The returned train and test arguments are each tuples with the coordinates (in a tuple) and a data array. They are in a format that can be easily passed to the fit method of most gridders using Python’s argument expansion using the * symbol.

chain = vd.Chain(
    [
        ("reduce", vd.BlockReduce(np.mean, spacing * 111e3)),
        ("trend", vd.Trend(degree=1)),
        ("spline", vd.Spline()),
    ]
)
chain.fit(*train)

Let’s plot the gridded result to see what it looks like.

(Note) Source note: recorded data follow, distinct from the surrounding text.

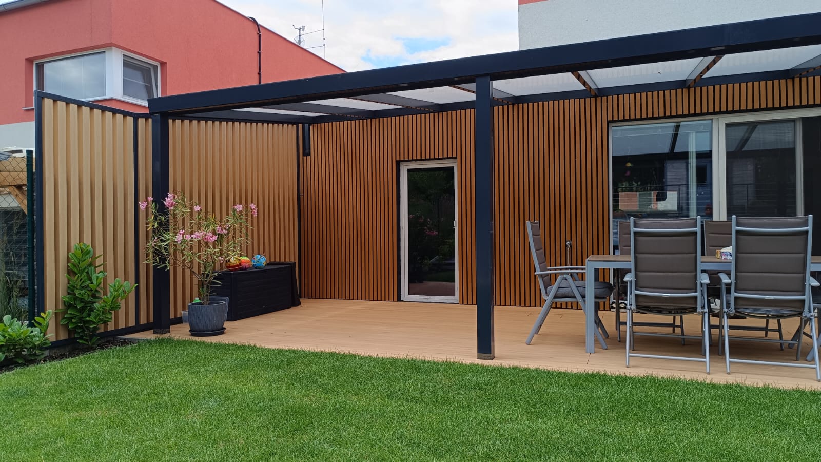 - Vzhled dřeva bez jeho slabin (nešedne, netvoří třísky)
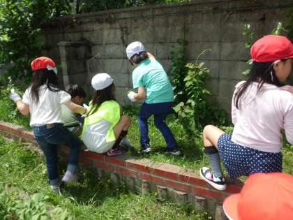 ごみゼロの取り組みで2年生は,花壇付近の草ぬきを頑張りました。
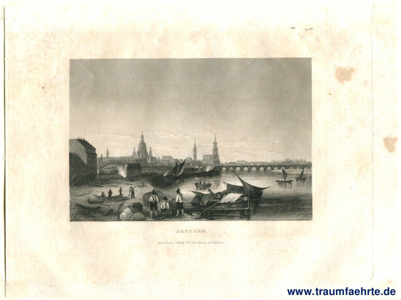 Schlagworte: Kirchen, Kuppelbauten, Türme, Schlösser, Brücken, Elbe, Flüsse, Boote, Panorama, Stahlstiche
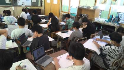 お話の絵は、下書きをしています。大きな画用紙に書くときは、主人公の姿の大きさをどうするか、画用紙のどこに置いたらいいかを考えています。難しいポーズや表情は、タブレットで調べています。
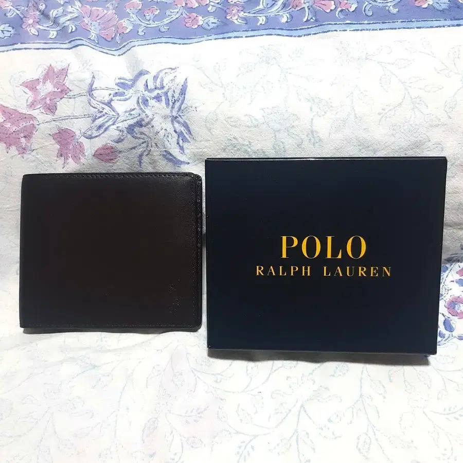 POLO 랄프 로렌 소가죽 2단 접이식 지갑 다크 브라운
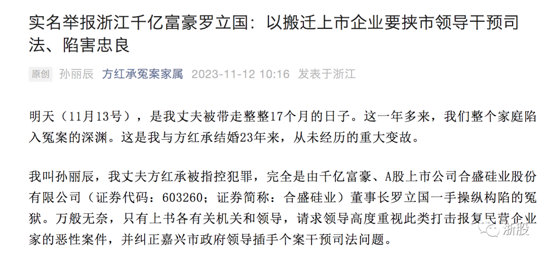 事发近一年后,今天,方红承妻子孙丽辰在社交媒体发文,实名举报合盛硅业董事长罗立国“陷害忠良”——
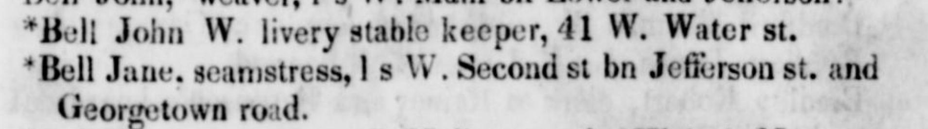 John W. Bell is listed on page 41 in the 1838 City Directory as a “livery stable keeper at 41 W.Water St.”
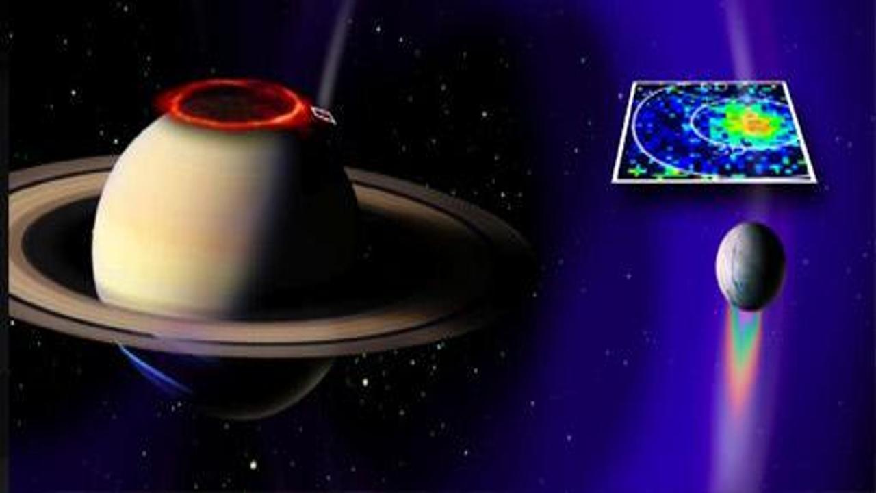 NASA'nın Cassini uzay aracı tarafından tespit edilen bu fotoğraf, Saturn ve uydusu Enceladus arasındaki manyetik bağlantıyı (elektriksel bağlantıyı) göstriyor.
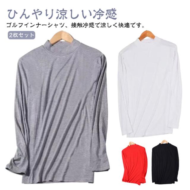 2枚セット ゴルフウェア インナー 涼しい メンズ 夏コーデ ゴルフシャツ 長袖Tシャツ スポーツシャツ アンダーシャツ 薄手通気 接触冷感 インナー アンダーウェア モックネック クール 涼感 ストレッチ UVカット 日焼け止め 夏物 男性 サマー用 無地 スポーツウェア
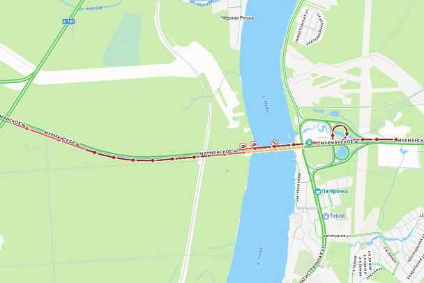 Судя по данным сервиса "Яндекс Карты" на четыре часа дня 27 февраля, багровые пробки образовались перед Ладожским мостом, расположенным на 40-м километре трассы Р-21 "Кола". В сторону Ленобласти затор на 3 километра, в обратном направлении - на 2 километра.
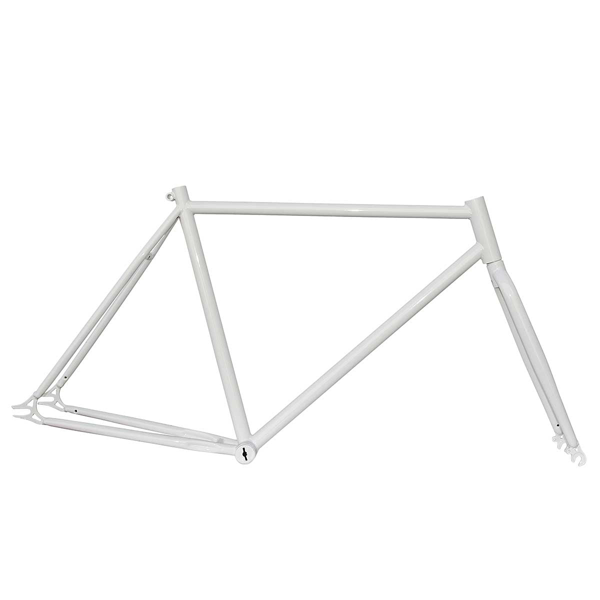 Fixed gear frame in glossy white steel with TIG welding and 1" fork - the perfect base to build your own custom fixed gear bike with the highest build quality and a bright classic look.
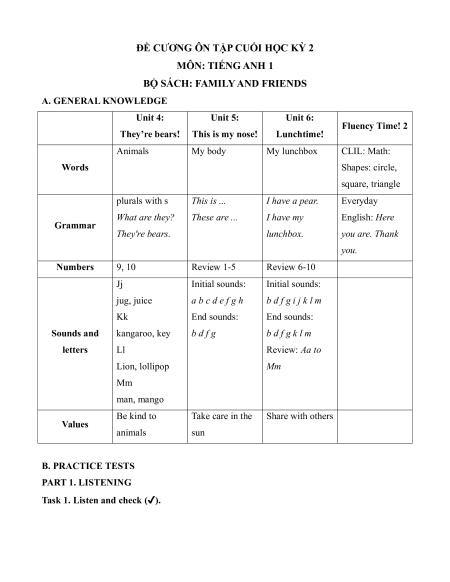 Đề cương ôn tập Cuối kì 2 Tiếng Anh 1 Family and friends
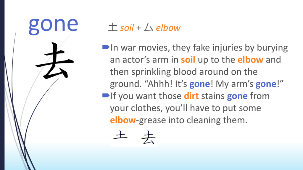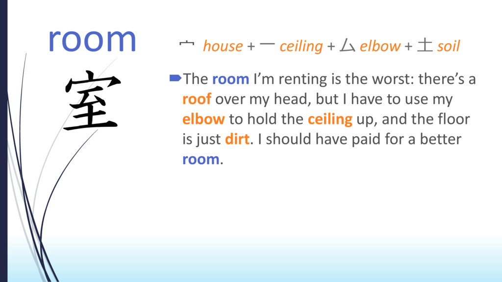 土 soil The room I’m renting is the worst: there’s a roof over my head, but I have to use my elbow to hold the ceiling up, and the floor is just dirt. I should have paid for a better room.

We’ll mask out grid points that are too far from any given data point.

mask = vd.distance_mask(
    (data.longitude, data.latitude),
    maxdist=3 * spacing * 111e3,
    coordinates=vd.grid_coordinates(region, spacing=spacing),
    projection=projection,
)
grid = chain.grid(
    region=region,
    spacing=spacing,
    projection=projection,
    dims=["latitude", "longitude"],
    data_names=["temperature"],
).where(mask)

plt.figure(figsize=(8, 6))
ax = plt.axes(projection=ccrs.Mercator())
ax.set_title("Gridded temperature")
pc = ax.pcolormesh(
    grid.longitude,
    grid.latitude,
    grid.temperature,
    cmap="plasma",
    transform=ccrs.PlateCarree(),
)
plt.colorbar(pc).set_label("C")
ax.plot(data.longitude, data.latitude, ".k", markersize=1, transform=ccrs.PlateCarree())
vd.datasets.setup_texas_wind_map(ax)
plt.tight_layout()
plt.show()

../_images/sphx_glr_model_selection_002.png

Scoring¶

Gridders in Verde implement the score method that calculates the R² coefficient of determination for a given comparison dataset (test in our case). The R² score is at most 1, meaning a perfect prediction, but has no lower bound.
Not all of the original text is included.